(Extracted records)

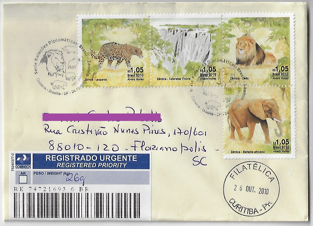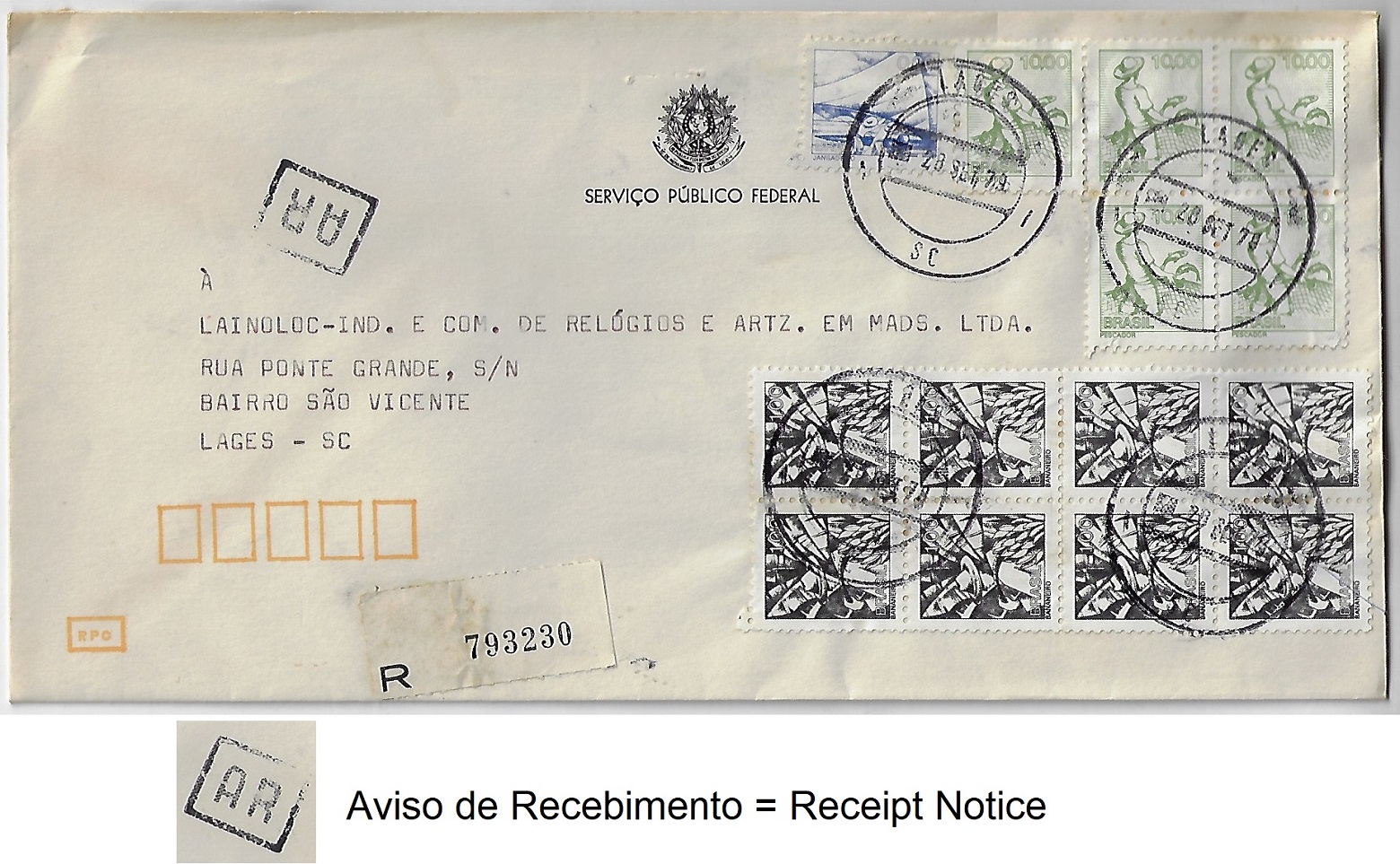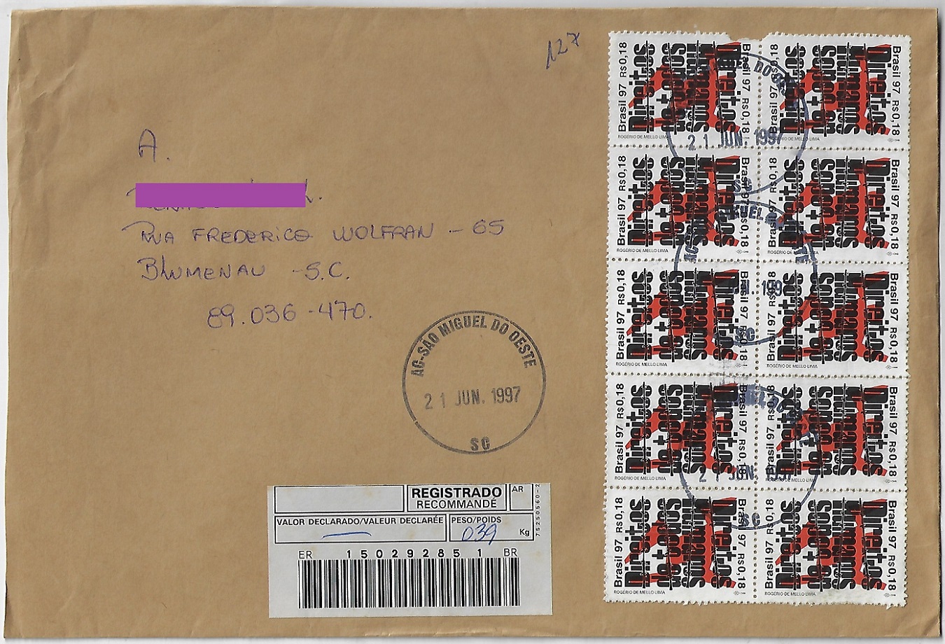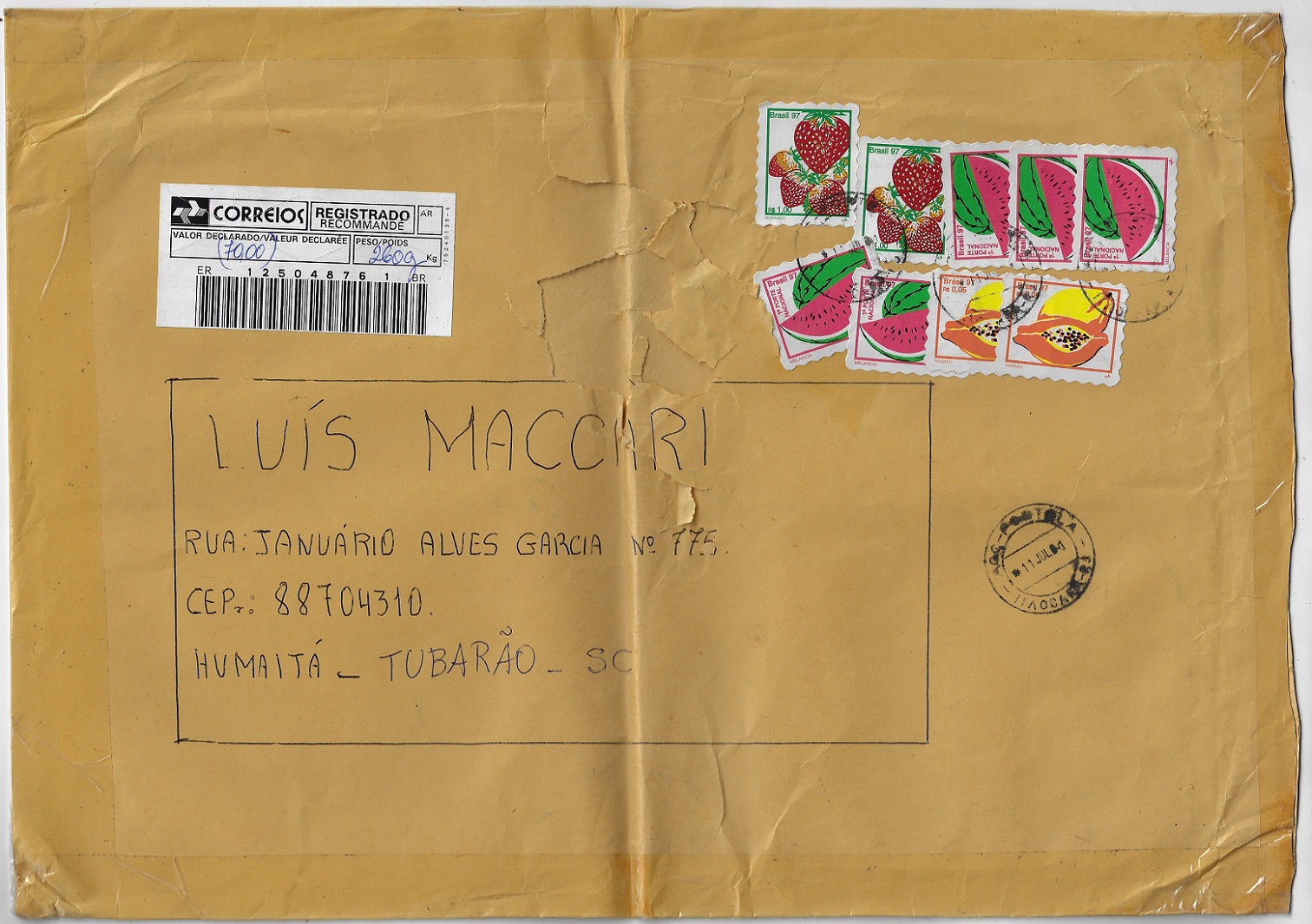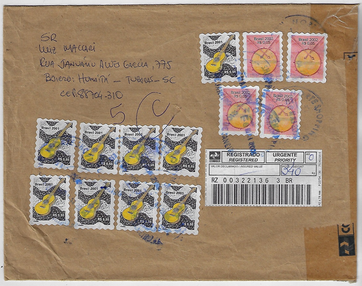 | 77398 | 2025, envelope prioritário registrado enviado de Biguaçu (5/11) para Ferno / Itália, porteado com 10 selos, etiqueta de Retornado ao Remetente | 10,00 | Foto |
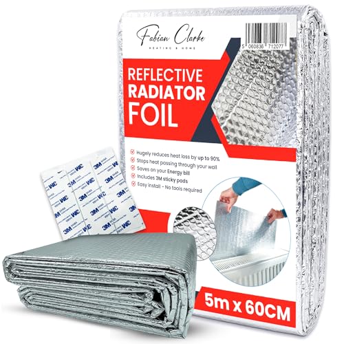 Radiator Foil Reflector Roll 5m x 60cm – Heat Reflective Radiator Foil Panels and Insulation Sheet – Radiator Reflector Foil for Behind Radiators – Thermal Radiator Insulation Includes Sticky Pads
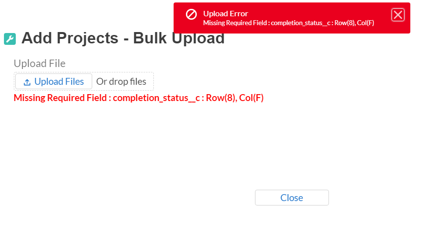 Figure 6- Invalid Bulk Upload Error 6
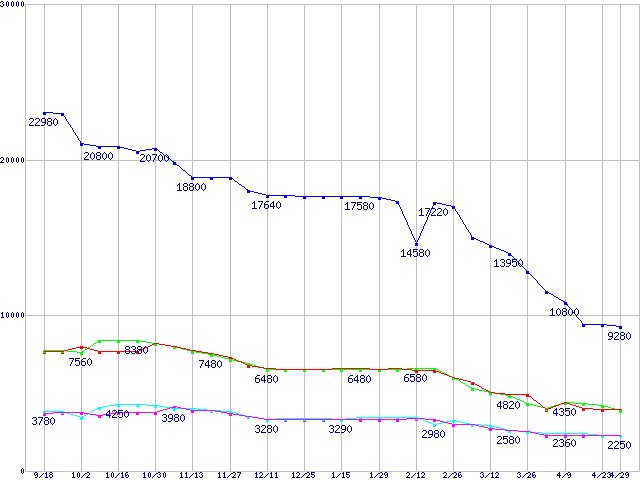 PC3200(DDR400) DDR SDRAM DIMMの最安値推移
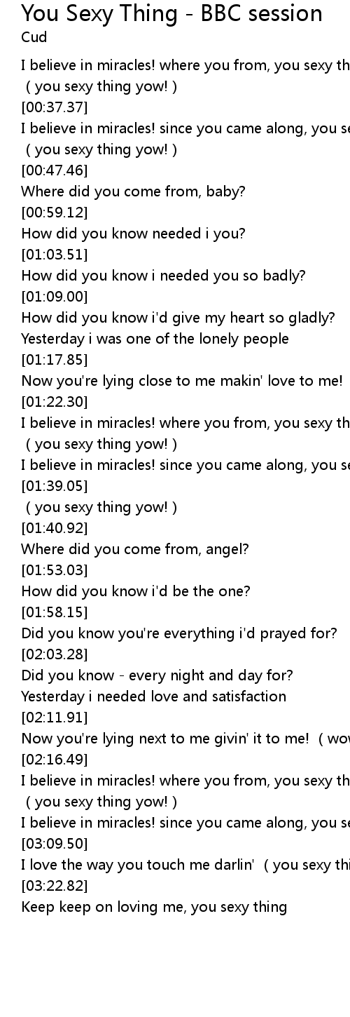 | [00:38.12] | I believe in miracles! since you came along, you sexy thing? |
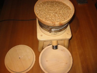 Jetzt geht es rund, hat das Körnchen gesagt als es in die Mühle rutschte. Und das ist für unsere neue Mitarbeiterin Erica überhaupt kein Problem, sie schafft bis zu 10 kg Feinschrot in der Stunde.
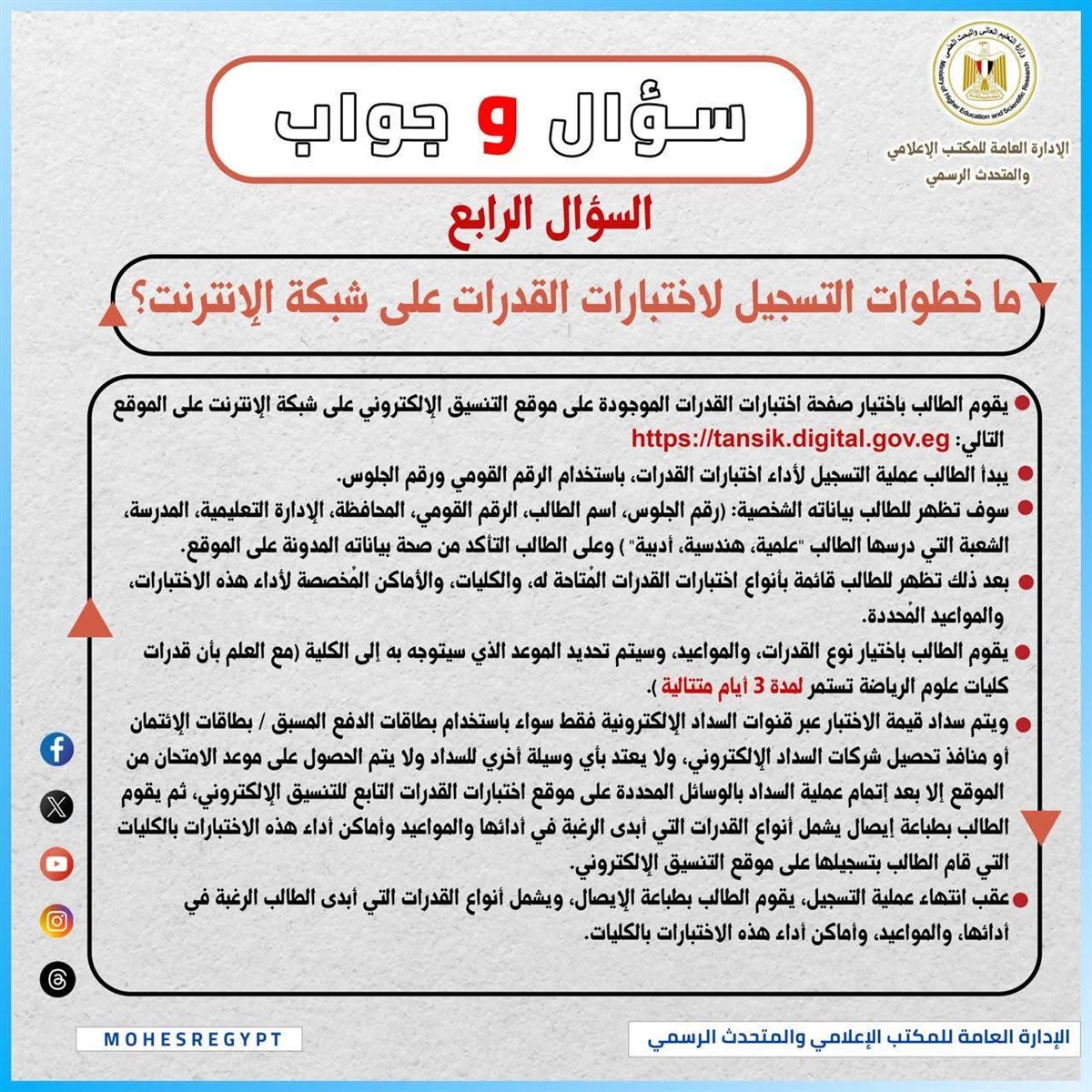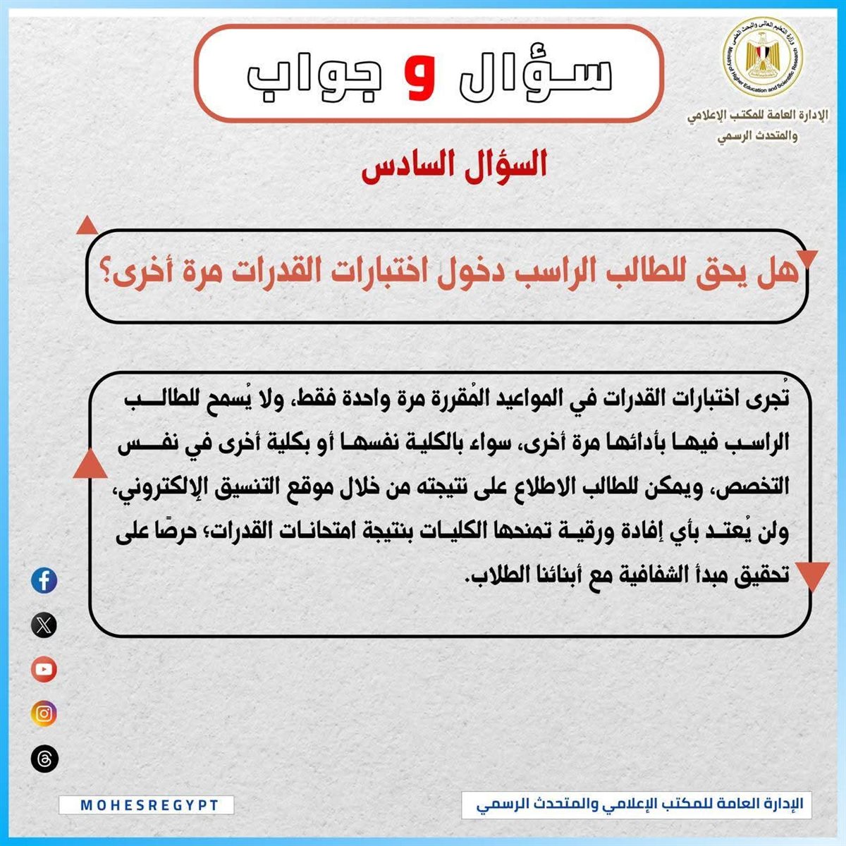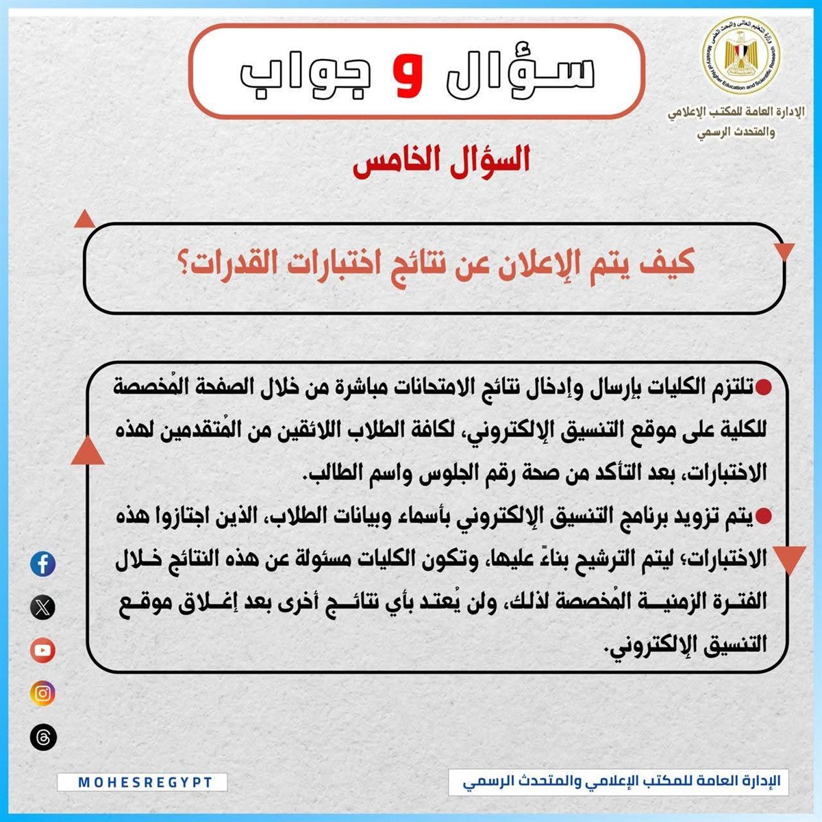 - غير مسموح لأولياء الأمور بدخول الكليات، ومسموح فقط بدخول الطلاب في اليوم الذي حدده موقع التنسيق لإجراء الاختبار.
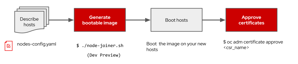 Adding nodes to Red Hat OpenShift clusters on-premises is a laborious and sometimes complex endeavor. With various methods available, each with different levels of automation, users often find themselves navigating through complex and even unsupported solutions, leading to a less-than-ideal user experience.
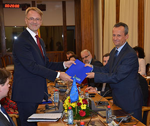 Евроамбасадорот г. Аиво Орав официјално го предаде Извештајот на Европската комисија за напредокот на Република Македонија за 2015 година на претседателот на Собранието на Република Македонија, г. Трајко Вељаноски.
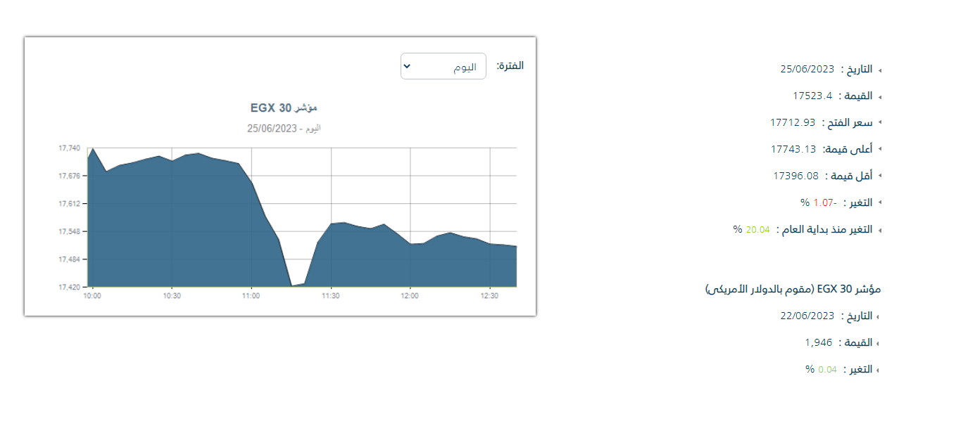تحليل مؤشرات البورصة المصرية في تعاملات اليوم الإثنين 26-6-2023

Description of the task: The data above is to be printed exactly, all of it, except for the pictures.

Response to this exercise:
 | 77398 | 2025, envelope prioritário registrado enviado de Biguaçu (5/11) para Ferno / Itália, porteado com 10 selos, etiqueta de Retornado ao Remetente | 10,00 | Foto |
 Radiator Foil Reflector Roll 5m x 60cm – Heat Reflective Radiator Foil Panels and Insulation Sheet – Radiator Reflector Foil for Behind Radiators – Thermal Radiator Insulation Includes Sticky Pads
 Figure 6- Invalid Bulk Upload Error 6
 PC3200(DDR400) DDR SDRAM DIMMの最安値推移
 | [00:38.12] | I believe in miracles! since you came along, you sexy thing? |
 Jetzt geht es rund, hat das Körnchen gesagt als es in die Mühle rutschte. Und das ist für unsere neue Mitarbeiterin Erica überhaupt kein Problem, sie schafft bis zu 10 kg Feinschrot in der Stunde.
 - غير مسموح لأولياء الأمور بدخول الكليات، ومسموح فقط بدخول الطلاب في اليوم الذي حدده موقع التنسيق لإجراء الاختبار.
 Adding nodes to Red Hat OpenShift clusters on-premises is a laborious and sometimes complex endeavor. With various methods available, each with different levels of automation, users often find themselves navigating through complex and even unsupported solutions, leading to a less-than-ideal user experience.
 Евроамбасадорот г. Аиво Орав официјално го предаде Извештајот на Европската комисија за напредокот на Република Македонија за 2015 година на претседателот на Собранието на Република Македонија, г. Трајко Вељаноски.
تحليل مؤشرات البورصة المصرية في تعاملات اليوم الإثنين 26-6-2023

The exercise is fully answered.